It's not just Oracle
I'm at the brown end of this and can tell you that (at least) Microsoft Azure and SAP have also been impacted by this outage.
It has provisionally been attributed to a cooling failure caused by a power surge. (this may change)
Oracle, Netsuite, and Microsoft's clouds have gone down, hard, in the Sydney, Australia, region likely due to an issue at a datacenter provider in which both are tenants. The Big Red Cloud first advised customers of an outage at 2129 Sydney time (1229 UTC) on Wednesday, and 29 minutes later wrote to inform customers that the …
> We should move one monitoring systems to a different DC
No, you should be running in more than one DC, or at least more than one AZ in the DC.
A different DC will have its own set of vulnerabilities to an outage. As long as you are in a single AZ you will go down with that AZ.
The Big Red Cloud first advised customers of an outage at 2129 Sydney time (1229 UTC) on Wednesday, and 29 minutes later wrote to inform customers that the outage had started earlier than its first emailed advisory – at 1015 UTC.Well, not for those who host their email in those data centres.Oracle’s second email delivered the mixed message that: “We are still investigating an issue in the Australia East (Sydney) region that is impacting multiple OCI services.

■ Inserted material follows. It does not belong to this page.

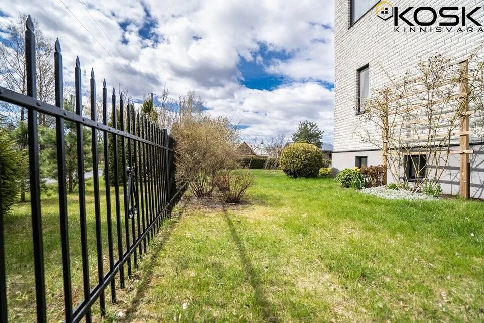 Kinnistu on hoolega haljastatud ja piiratud käsitsi valmistatud raudaiaga.

We have identified root cause of service failures and are working to mitigate the issue.”
At least Azure Availability Zones work as documented (unlike Google's) - all the impacted VMs in AU East I'm responsible for all failed over correctly to one of the other functional AZs.

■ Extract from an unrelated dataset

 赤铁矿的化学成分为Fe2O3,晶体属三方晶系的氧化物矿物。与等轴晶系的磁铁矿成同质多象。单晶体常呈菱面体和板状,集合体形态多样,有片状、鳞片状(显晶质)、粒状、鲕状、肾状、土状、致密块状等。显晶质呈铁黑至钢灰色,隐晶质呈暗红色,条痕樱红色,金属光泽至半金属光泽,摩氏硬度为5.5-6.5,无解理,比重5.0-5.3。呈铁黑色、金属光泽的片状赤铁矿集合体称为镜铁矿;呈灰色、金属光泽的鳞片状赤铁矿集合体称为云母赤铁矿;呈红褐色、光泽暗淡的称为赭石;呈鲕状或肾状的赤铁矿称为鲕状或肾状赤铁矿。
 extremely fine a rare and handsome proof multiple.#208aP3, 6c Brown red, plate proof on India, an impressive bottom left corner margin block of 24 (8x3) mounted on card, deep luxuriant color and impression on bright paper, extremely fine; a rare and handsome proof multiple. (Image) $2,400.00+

It seems most of these outages are due to design and cost choices at the customer layer rather than a complete failure of cloud substrate. If as a customer you're not considering a DC as a point of failure then you will have an unplanned outage at some point during your operations.

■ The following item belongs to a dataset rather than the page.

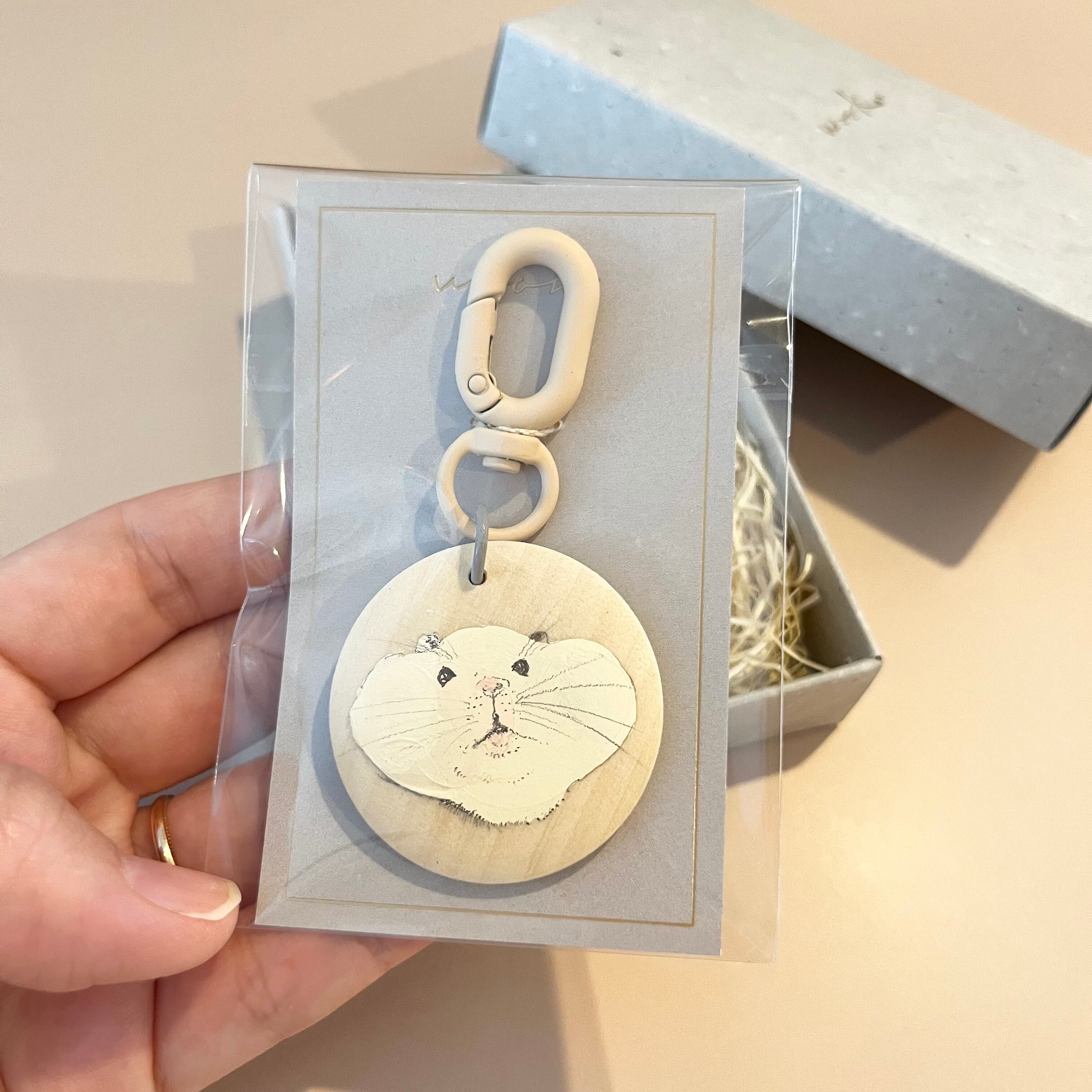 丸い木材パーツに、一つ一つ愛を込めて絵付けをしましたwook.の原画キーホルダーです。

"proactively powered down a small subset of selected compute and storage scale units, to avoid damage to hardware."
So the combined penalties that Azure might fork out for an outage on their cloud is less than the cost of a selection of compute and storage. Nah. I reckon they powered down that hardware because the data on that hardware might have become irretrievable. Hardware can be replaced. Data is a different liability altogether
Sounds like we haven't heard the whole story. Mind you after Azure token signing keys were exfiltrated earlier this year, we are getting used to not hearing the whole story from Microsoft.